(Data items):
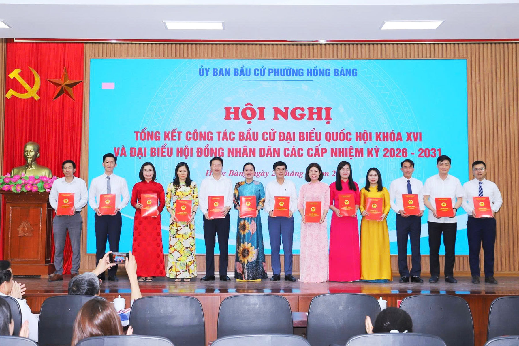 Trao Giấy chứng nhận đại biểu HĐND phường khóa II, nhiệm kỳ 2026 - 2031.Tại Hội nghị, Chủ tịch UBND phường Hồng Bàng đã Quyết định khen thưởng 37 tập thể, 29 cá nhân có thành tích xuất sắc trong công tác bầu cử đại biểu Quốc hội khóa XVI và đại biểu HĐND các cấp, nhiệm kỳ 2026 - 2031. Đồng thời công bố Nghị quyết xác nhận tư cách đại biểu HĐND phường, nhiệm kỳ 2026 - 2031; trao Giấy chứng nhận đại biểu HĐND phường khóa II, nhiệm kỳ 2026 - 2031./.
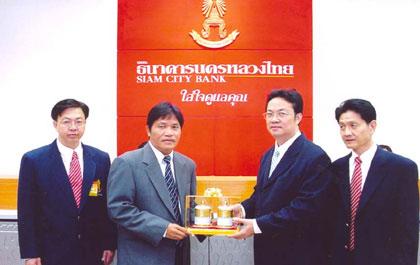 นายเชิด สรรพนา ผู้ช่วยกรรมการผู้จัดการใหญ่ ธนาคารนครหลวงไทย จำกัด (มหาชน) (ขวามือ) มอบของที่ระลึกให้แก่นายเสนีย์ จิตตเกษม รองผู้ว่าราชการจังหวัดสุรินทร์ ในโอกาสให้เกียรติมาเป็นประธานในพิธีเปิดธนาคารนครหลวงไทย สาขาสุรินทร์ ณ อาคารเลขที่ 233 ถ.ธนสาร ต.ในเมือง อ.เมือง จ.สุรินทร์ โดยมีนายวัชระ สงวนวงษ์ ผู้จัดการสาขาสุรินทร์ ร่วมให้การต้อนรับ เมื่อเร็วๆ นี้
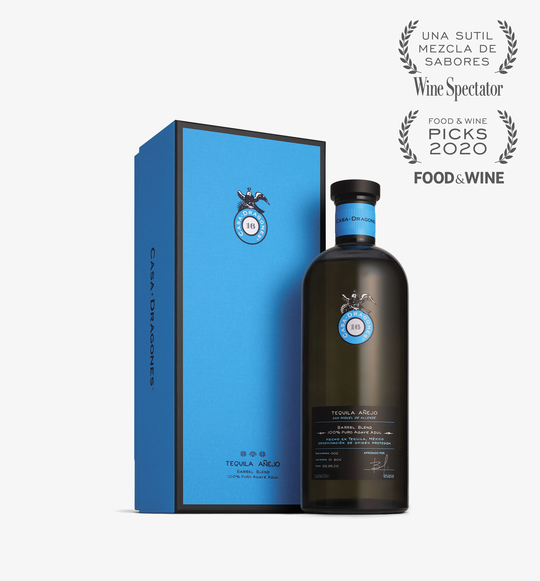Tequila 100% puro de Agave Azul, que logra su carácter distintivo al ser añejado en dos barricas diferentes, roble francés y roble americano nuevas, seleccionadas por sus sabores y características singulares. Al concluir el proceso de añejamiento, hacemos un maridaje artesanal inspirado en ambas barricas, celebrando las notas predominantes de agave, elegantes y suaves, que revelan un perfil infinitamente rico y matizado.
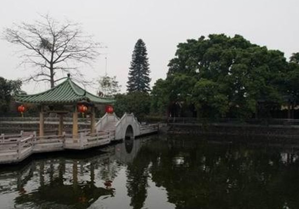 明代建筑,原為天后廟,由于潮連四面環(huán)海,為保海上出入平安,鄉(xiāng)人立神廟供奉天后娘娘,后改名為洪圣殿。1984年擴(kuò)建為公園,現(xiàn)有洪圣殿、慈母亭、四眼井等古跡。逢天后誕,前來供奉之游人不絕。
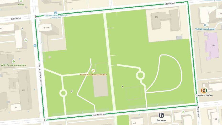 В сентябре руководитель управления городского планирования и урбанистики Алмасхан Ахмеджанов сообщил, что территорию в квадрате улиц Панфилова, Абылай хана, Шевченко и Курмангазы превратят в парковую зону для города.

(What the task asks): The copy should hold every entry above word for word and none of the pictures.

(Response to the exercise):
 Trao Giấy chứng nhận đại biểu HĐND phường khóa II, nhiệm kỳ 2026 - 2031.Tại Hội nghị, Chủ tịch UBND phường Hồng Bàng đã Quyết định khen thưởng 37 tập thể, 29 cá nhân có thành tích xuất sắc trong công tác bầu cử đại biểu Quốc hội khóa XVI và đại biểu HĐND các cấp, nhiệm kỳ 2026 - 2031. Đồng thời công bố Nghị quyết xác nhận tư cách đại biểu HĐND phường, nhiệm kỳ 2026 - 2031; trao Giấy chứng nhận đại biểu HĐND phường khóa II, nhiệm kỳ 2026 - 2031./.
 นายเชิด สรรพนา ผู้ช่วยกรรมการผู้จัดการใหญ่ ธนาคารนครหลวงไทย จำกัด (มหาชน) (ขวามือ) มอบของที่ระลึกให้แก่นายเสนีย์ จิตตเกษม รองผู้ว่าราชการจังหวัดสุรินทร์ ในโอกาสให้เกียรติมาเป็นประธานในพิธีเปิดธนาคารนครหลวงไทย สาขาสุรินทร์ ณ อาคารเลขที่ 233 ถ.ธนสาร ต.ในเมือง อ.เมือง จ.สุรินทร์ โดยมีนายวัชระ สงวนวงษ์ ผู้จัดการสาขาสุรินทร์ ร่วมให้การต้อนรับ เมื่อเร็วๆ นี้
Tequila 100% puro de Agave Azul, que logra su carácter distintivo al ser añejado en dos barricas diferentes, roble francés y roble americano nuevas, seleccionadas por sus sabores y características singulares. Al concluir el proceso de añejamiento, hacemos un maridaje artesanal inspirado en ambas barricas, celebrando las notas predominantes de agave, elegantes y suaves, que revelan un perfil infinitamente rico y matizado.
 明代建筑,原為天后廟,由于潮連四面環(huán)海,為保海上出入平安,鄉(xiāng)人立神廟供奉天后娘娘,后改名為洪圣殿。1984年擴(kuò)建為公園,現(xiàn)有洪圣殿、慈母亭、四眼井等古跡。逢天后誕,前來供奉之游人不絕。
 В сентябре руководитель управления городского планирования и урбанистики Алмасхан Ахмеджанов сообщил, что территорию в квадрате улиц Панфилова, Абылай хана, Шевченко и Курмангазы превратят в парковую зону для города.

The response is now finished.